Rory Cormac, a professor of international relations at Nottingham University, says Russia uses unacknowledged attacks to pursue “multiple objectives” against individual western states and organisations such as Nato.
“One is to disrupt supplies of weapons to Ukraine,” he says. “They also want to undermine the resolve to support Ukraine and increase the political and economic costs of supporting Ukraine. It’s not necessarily about winning or ending wars but about a slow, sapping, draining, subversive process.
“They also want to push and test the limits of Nato’s Article 5, to see what they can get away with, to stoke divisions in Nato and undermine consensus and co-operation,” he adds, referring to the mutual defence clause that binds the 32 countries in the alliance.
“They want to spread uncertainty, paralyse western international institutions and their ability to respond and make decisions.”
While Nato states such as Poland, Finland, Estonia, Latvia and Lithuania seek a strong collective response to hostile Kremlin actions, other members such as Hungary and Slovakia back a softer approach, criticising sanctions against Russia and support for Ukraine and arguing that confrontation with Moscow must be avoided at all costs.
Russia’s use of unacknowledged operations to attack the West takes advantage of these divisions and of the need within Nato to establish consensus between divergent members, while Putin’s authoritarian regime acts without constraints.
“Any ambiguity or doubt makes the response [to attacks] much more difficult and induces paralysis,” says Cormac. “Even a small element of doubt will be exploited by those who are more sympathetic to Russia. That grain of doubt and lack of acknowledgment impedes response.”
While sending substantial military aid to Ukraine since Russia’s full invasion in 2022, western powers have been at constant pains to avoid what they call “escalation” with Russia, leading to delays and limits on support for Kyiv that have compromised its defence.
Fear of confrontation with the Kremlin also inclines Nato to treat its covert attacks as less than acts of war, so avoiding the possible activation of Article 5, which would oblige all members to join forces against an enemy.
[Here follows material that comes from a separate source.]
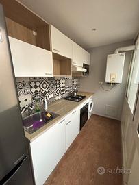 Cucina completa di tutti gli elettrodomestici: piano cottura, forno, frigorifero, microonde e lavatrice.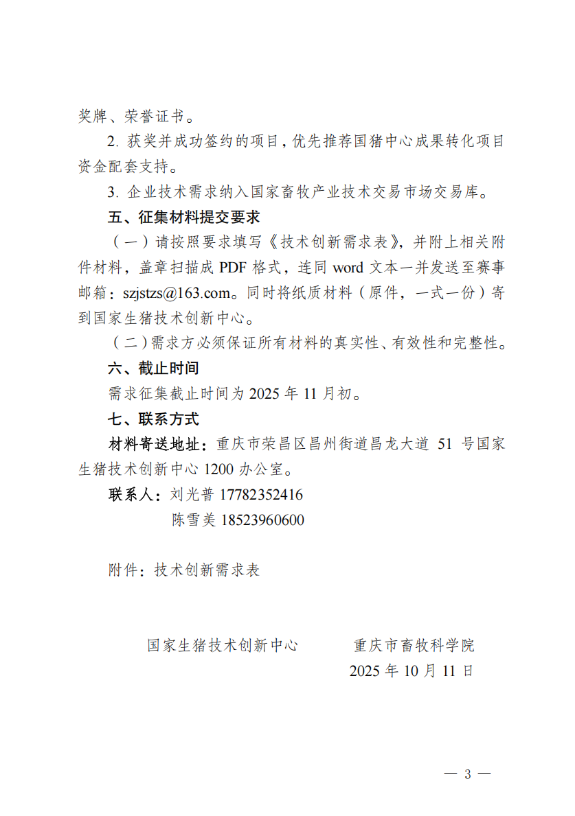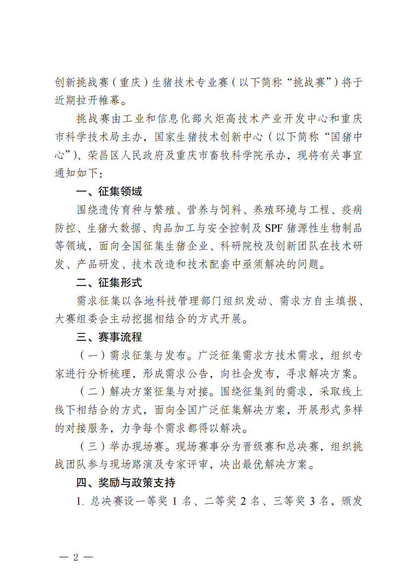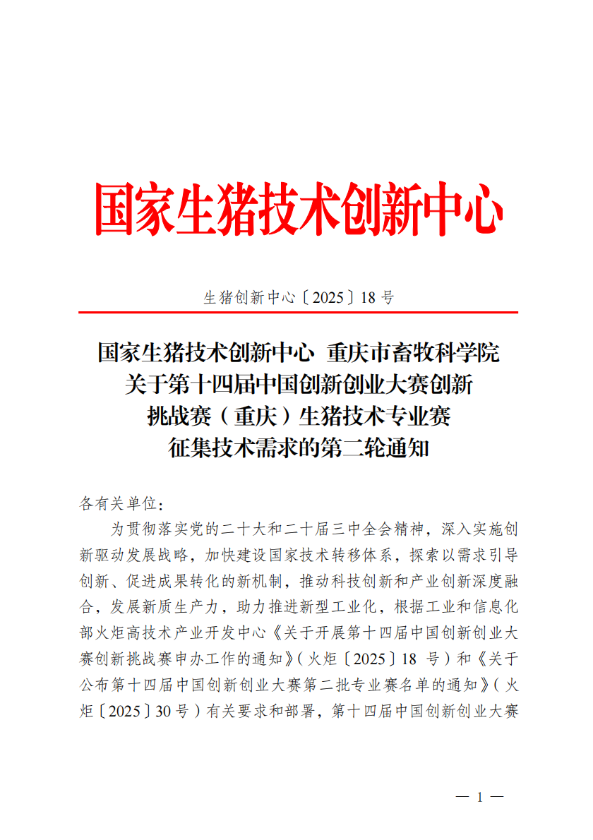 国家生猪技术创新中心 重庆市畜牧科学院 关于第十四届中国创新创业大赛创新 挑战赛(重庆)生猪技术专业赛征集技术需求的第二轮通知

International law is also unclear over what constitutes an armed attack and on other issues, making any such judgment political.
“This threshold is a mutually agreed or constructed thing. Something is sub-threshold because we in the West say that it is sub-threshold, because we are worried about escalation,” says Cormac. “A lot of western counties and leaders want it to be sub-threshold and don’t have the political willingness to fight back.”
Russia thinks it is at war with the West in a non-military way. They believe they see a sustained campaign of successful western aggression against them and they are trying to turn the tables
— Lukas Milevski, an assistant professor specialising in military strategy at Leiden University in the Netherlands
Experts say this vagueness is only expanding the “grey zone” in which Putin feels free to act with impunity; last year, for example, Russia was allegedly behind the dispatch of incendiary devices to cargo hubs in Germany and Britain, which could have started fires on-board aircraft flying to North America, western security officials say.
“It’s all very well being ‘deliberately vague’ when signalling to Russia what the threshold for invoking Article 5 is, but the challenge for the new secretary general of Nato is that 32 Nato states need to have clarity ... on what constitutes an armed attack in today’s hybrid war,” says Charlie Edwards, senior adviser for strategy and national security at the London-based International Institute for Strategic Studies.
“Russian attacks are becoming more frequent, bolder and more reckless. So there is a genuine question to ask of Nato and western capitals, about what more they should do to respond, in the absence of meeting the Article 5 threshold.”
The West may be doing its utmost to avoid escalation with a bellicose nuclear power, but what if Russia already thinks and acts like it is fighting a wider war?
“Western governments are still making the basic mistake of thinking that Russian sabotage operations in Europe are part of a different campaign from the conventional war that is playing out in Ukraine – when in fact it is all part of the same war the Russians are fighting,” says Edwards.
Tapping into centuries-old Russian tropes, the Putin regime now justifies its increasingly extreme actions – from sweeping domestic repression to the ruinous war on Ukraine – by claiming to be defending the motherland from devious and aggressive western states that want to rip it apart.
“All the revolutions since the late 1980s in ex-Soviet republics and former Warsaw Pact countries ... are seen by the Russians as western-backed coups that constitute aggression against Russia and its interests and its sphere of influence as a great power,” says Milevski.
“So Russia thinks it is at war with the West in a non-military way. They believe they see a sustained campaign of successful western aggression against them and they are trying to turn the tables.”
Europe claims that its mild response to Russian hybrid attacks shows it favours peace over conflict, but if Moscow thinks it would never use force under any circumstances, “then we’re really not choosing to be peaceful, we’re choosing to be harmless”, warns Milevski.
“And that is a terrible state of affairs, especially when you’re next to Russia.”